Caminando por mi barrio, como suelo hacerlo a menudo me crucé con un señor, de quien algo me atraía, tal vez su mirada, su humildad, la apariencia que se deslizaba por la escasa ropa con la que transitaba, como así también con la seguridad que se expresaba en su discurso con otro señor.
No pude evitar el acercarme a escucharlo, arriesgándome a que se molestara, muy por el contrario su educación no se lo permitió. Intercambiamos nuestros nombres, a partir de ese momento todos los temas que desarrolló fueron impecables.
Como la situación actual del país la que tenía muy en claro, reconociendo ser un indigente más de la lista interminable ya existente. También hizo mención a su pasado el que había sido diferente, contaba con una casa, un trabajo el que se desplomó no por mérito propio.

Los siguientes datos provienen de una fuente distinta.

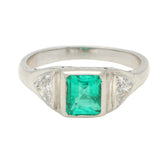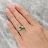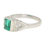 Vintage Emerald and Trilliant Cut Diamond Three Stone Ring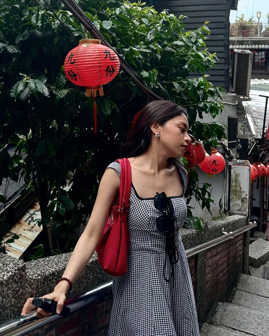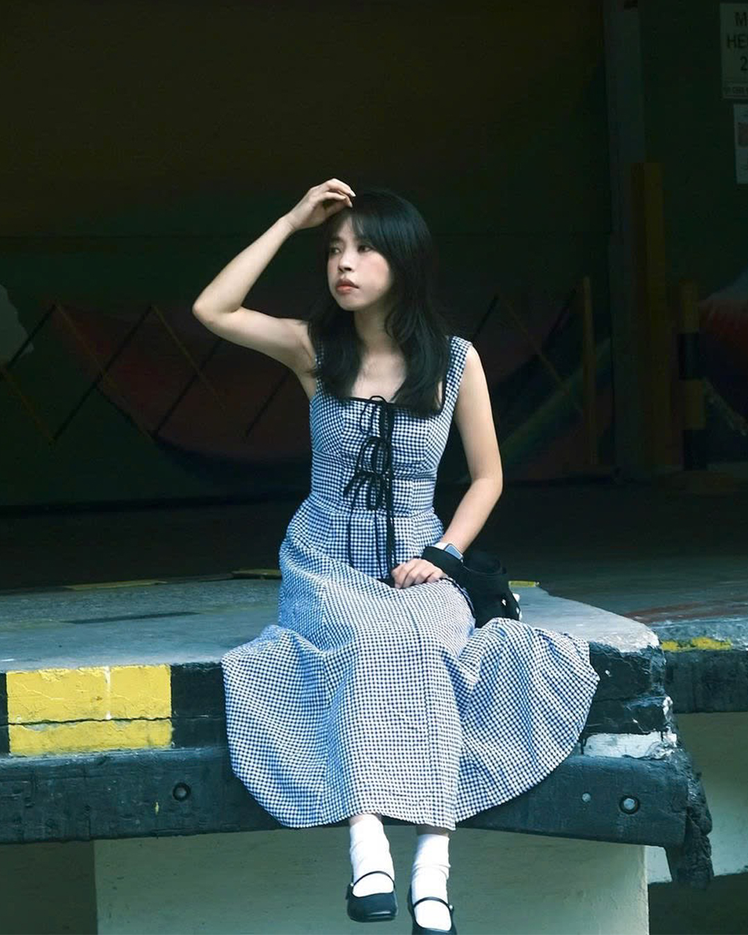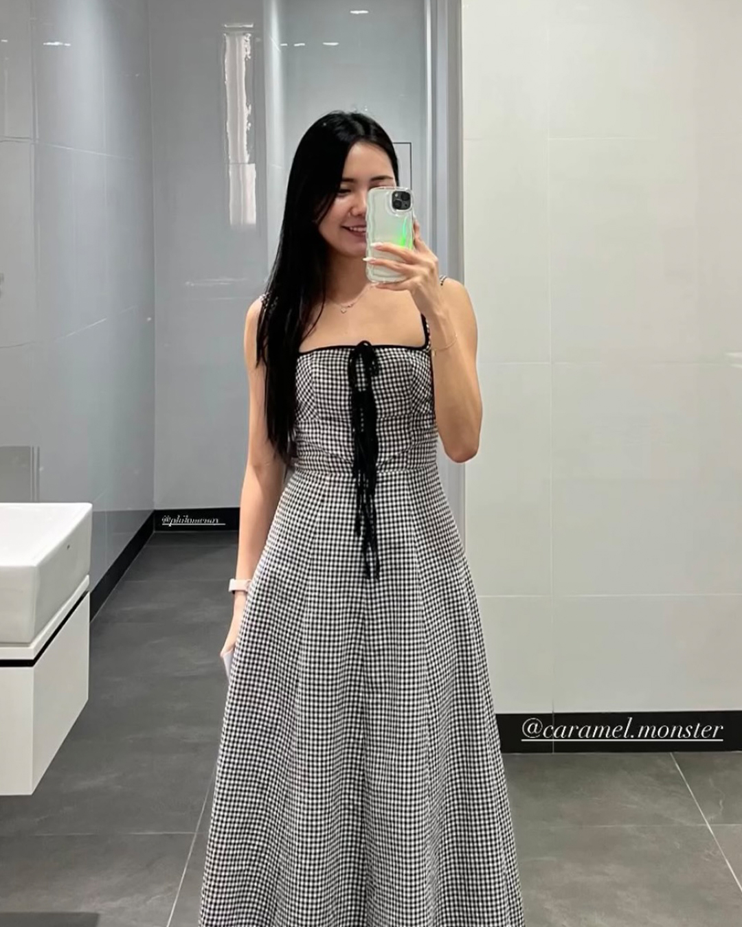 The Juliette is a checked printed midi dress featuring a square neckline with contrast trimmings and a corset-like bodice with self-tied detailing.

Hizo alusión a los estudios que había concretado, como así también el placer que le provocaba la lectura, el diálogo se transformó en un monólogo dado que interrumpirlo era un pecado. No obstante él mismo daba la oportunidad a formar parte del relato.
Debemos reconocer que la apariencia de un ser no se compara con la sabiduría interna que posee. El corto tiempo que compartí con este señor me enriqueció de tal modo que le propuse un nuevo encuentro. Me hubiese quedado horas intercambiado ideas con él o tan sólo escucharlo.
No subestimemos a la persona por su aspecto o indumentaria, en la mayoría de los casos nos daremos cuenta que estamos cometiendo un gran error.